Friday, January 13, 2012

Amateur Birth Story

The wee one is just over 4 months and I'm still coming to terms with my birth story. I read so many before having Corinne and appreciated all of the women who shared such a personal, intense experience, so here I am paying it back. First, however, I must begin before that fateful August afternoon...


All through out my pregnancy, I ate up every birth story I could find online like a ravenous, starved wild beast. I became enthralled with black and white photos of women in hospital gowns and their accompanying words, like "ring of fire" and "birthing ball." One of the most important scenes that stuck with me was the beauty of immediately having your child latch after birth and feed him/her. It sounded so heavenly, so peaceful, so whole; creating an instinctive and timeless love between mother and child.
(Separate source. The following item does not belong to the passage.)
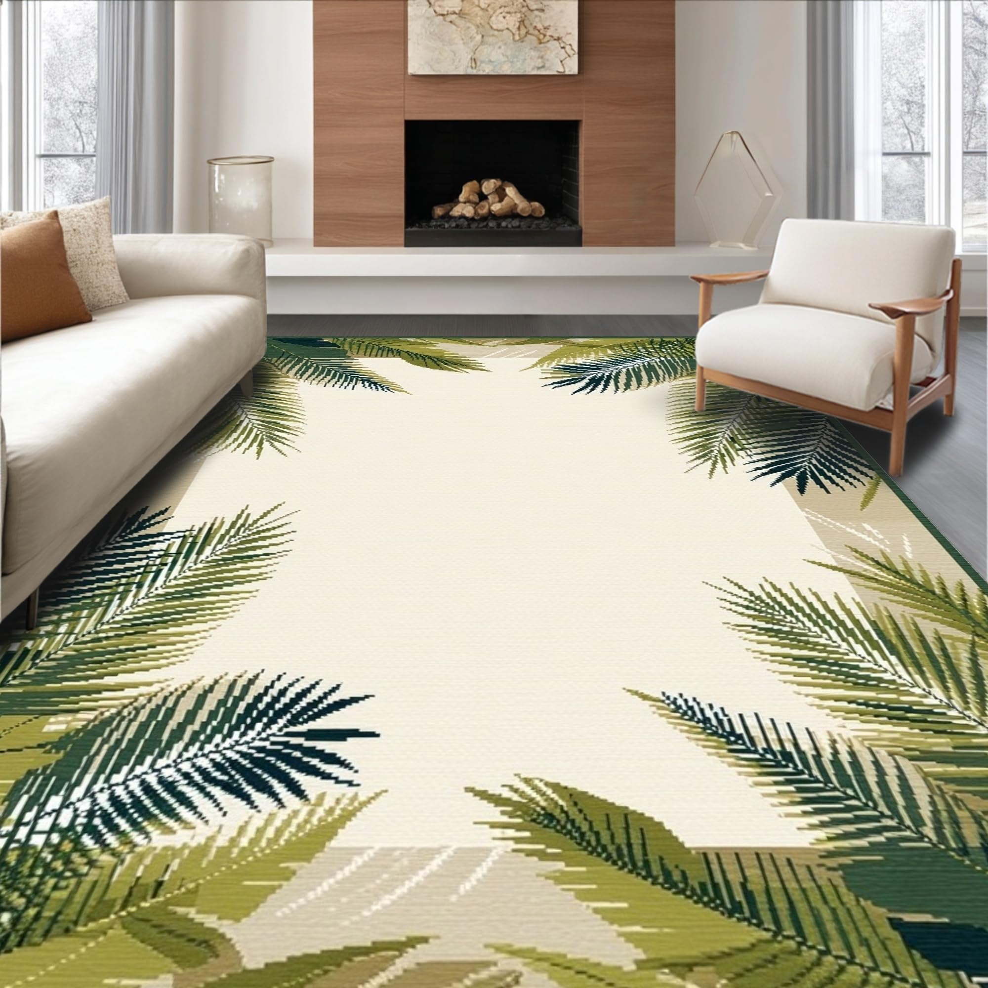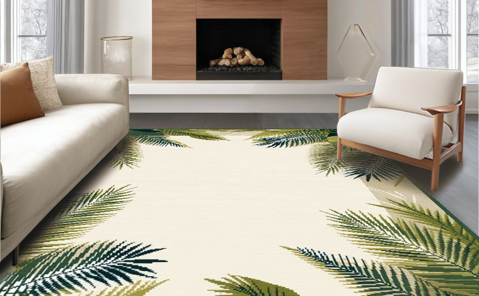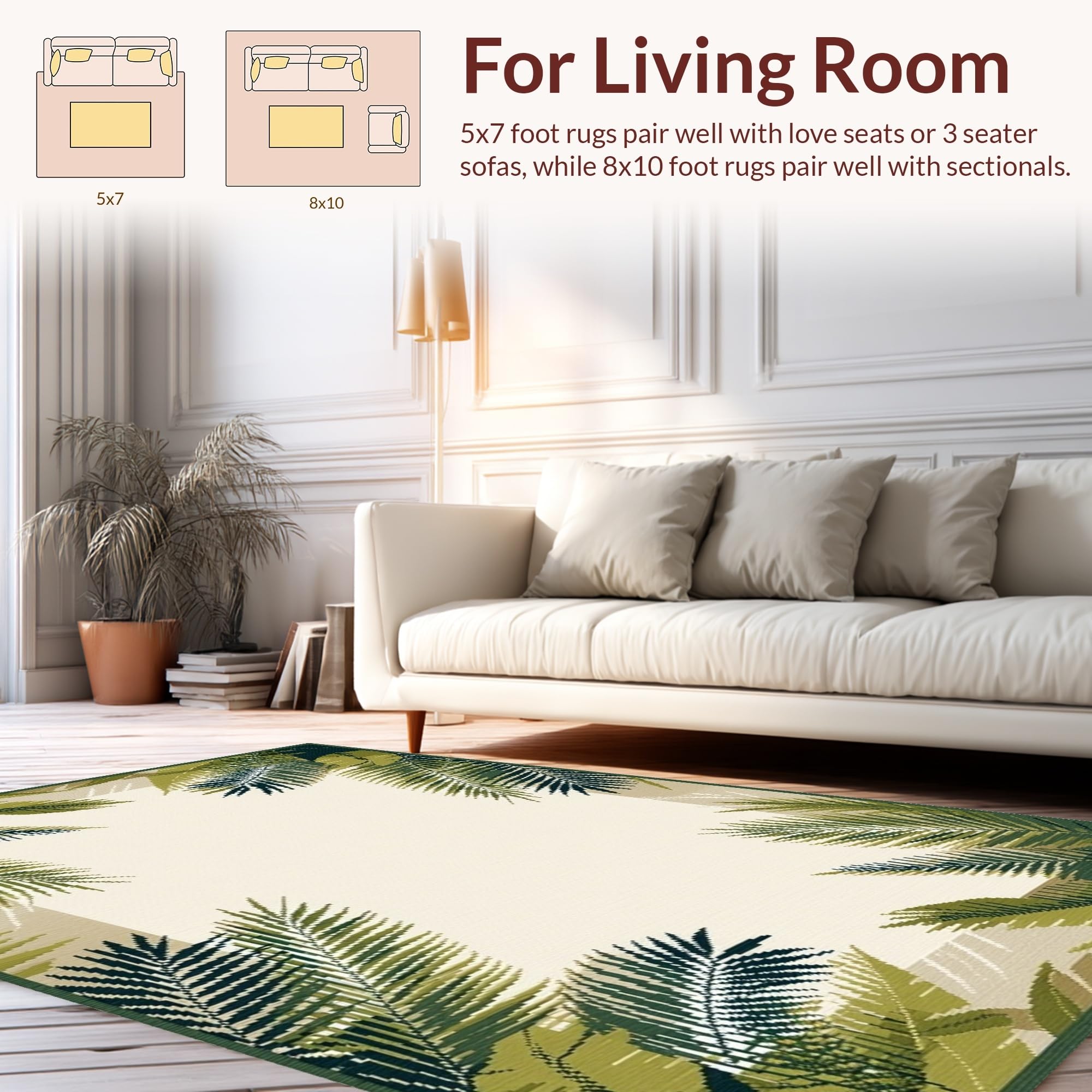 Ultra Soft Area Rug, Non Slip, Stain Resistant, Washable Area Rugs for Living Room, Bedroom, Luxurious Multi-Color Tropical Vibe(Beige) Overview:

As with all insane first-time mothers, I created a birth plan that emphasized such an event, in addition to things like "Please don't offer me pain medication. I'll request it if I need it;" "I'd like 24-hour rooming-in with my baby;" and "Do not offer my baby formula, sugar water, a pacifier."


Ha.


Needless to say, I had a dreamy romance with what I thought labor and delivery was like. The birth stories I read sang to my granola-eating/Chaco-wearing/alternative-medicine loving soul. I put aside the stark reality that I can barely stand to use eye drops or have a splinter removed from my foot, let alone depend on breathing and acupressure techniques to get me though a pitocin induced birth.


Let it be known that I did end up adding that if I MUST have any medicinal intervention, I would do an epidural, but I wanted to get to a 5 first.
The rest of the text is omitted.